罗文正巧抬头,四目相对,温婉的笑意就凝固在唇边。
恰好一曲终了,罗文收回视线,起身向八皇子行礼。
啪啪啪!
八皇子掌声响起,惊醒了还沉浸在歌曲中的众人。
“这便是绕梁三日不绝于耳了吗?”景容赞叹着,“听了罗公子一歌,天下间竟再没有歌能入耳了呀!”
梁少嘉是个不通音律的,只觉得好,也说不出哪好,听了八皇子的话,不由大笑道,“上次流觞宴阿文做了首诗,殿下就评价此诗一出,天下间再无人敢写流觞宴,这次阿文改唱歌,殿下又评以后无歌可入耳,殿下对阿文可是真爱呀!”
这话说的就忒放浪形骸了些,有些人已经皱了眉头。
梁少嘉就是个棒槌,跟他那个油滑的老爹一点不像,也正因此八皇子对梁少嘉颇多包容,对他的言语无状也不甚在意,反而一本正经的点头,“在建安,论才学无人及的上罗文。

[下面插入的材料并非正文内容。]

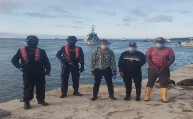San Cristóbal (Galápagos), 27 de diciembre de 2021.- La Fiscalía de Galápagos procesó esta mañana a tres personas, que fueron detenidas cuando transportaban más de media tonelada de cocaína, durante un operativo ejecutado por las Fuerzas Armadas a 163 millas náuticas al sur de San Cristóbal, en Galápagos.
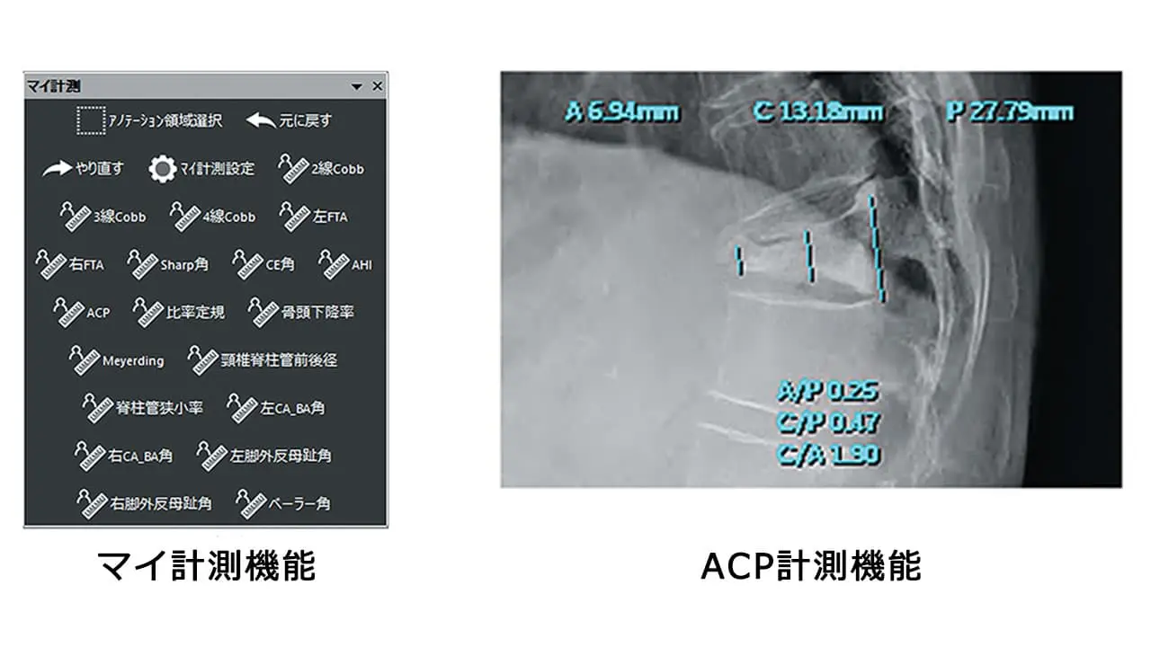 距離や⾓度計測などの⼀般的な計測はもちろん、少し複雑な計測機能を登録できる“マイ計測機能”を標準搭載。

”
这赞赏实在是太直白了,尤其是出自以才学出众而闻名的八皇子之口,今日之后罗文必会名声大噪。
有和罗文交好的都凑过来道喜。
温婉却纳闷,罗文竟然还和八皇子有这么一腿?
前世她进京时罗文的名声已经是无人不知无人不晓了,若没记错,罗文应该是二皇子一派的才对,温季因为跟他私交好还挨过罚,后来温婉疯狂的追求他,温老夫人被气的卧床好几个月。
温婉恍然有种感觉,前世八皇子一死好像连同和他有关的人和事都一同被隐藏了,除了当事人,外人再无法探究。
难道八皇子的死有什么隐情?
“上次让八殿下赞赏的是什么诗呀?”身旁李尚仪拉着梁少嘉小声询问。
“你竟然不知道?”梁少嘉夸张的张大嘴。
李尚仪脸色泛红,她年纪小,这是第一次来参加流觞宴,“知道还用问你嘛!上次我又没来。”
“这是来不来的事吗?阿文佳作天下传……”看着李尚仪气呼呼的小脸蛋,梁少嘉后面的话就自动拐了个弯,“就是那首曲水流觞神仙聚,举尊相邀知音人嘛。”
李尚仪恍然大悟,“阿,春后流行起的那首诗?一元复始万象新,九州欢歌喜盈门。合家团圆辞旧岁,添福增寿迎瑞神。玫瑰园中春来早,姹紫嫣红香缤纷。曲水流觞神仙聚,举尊相邀知音人。”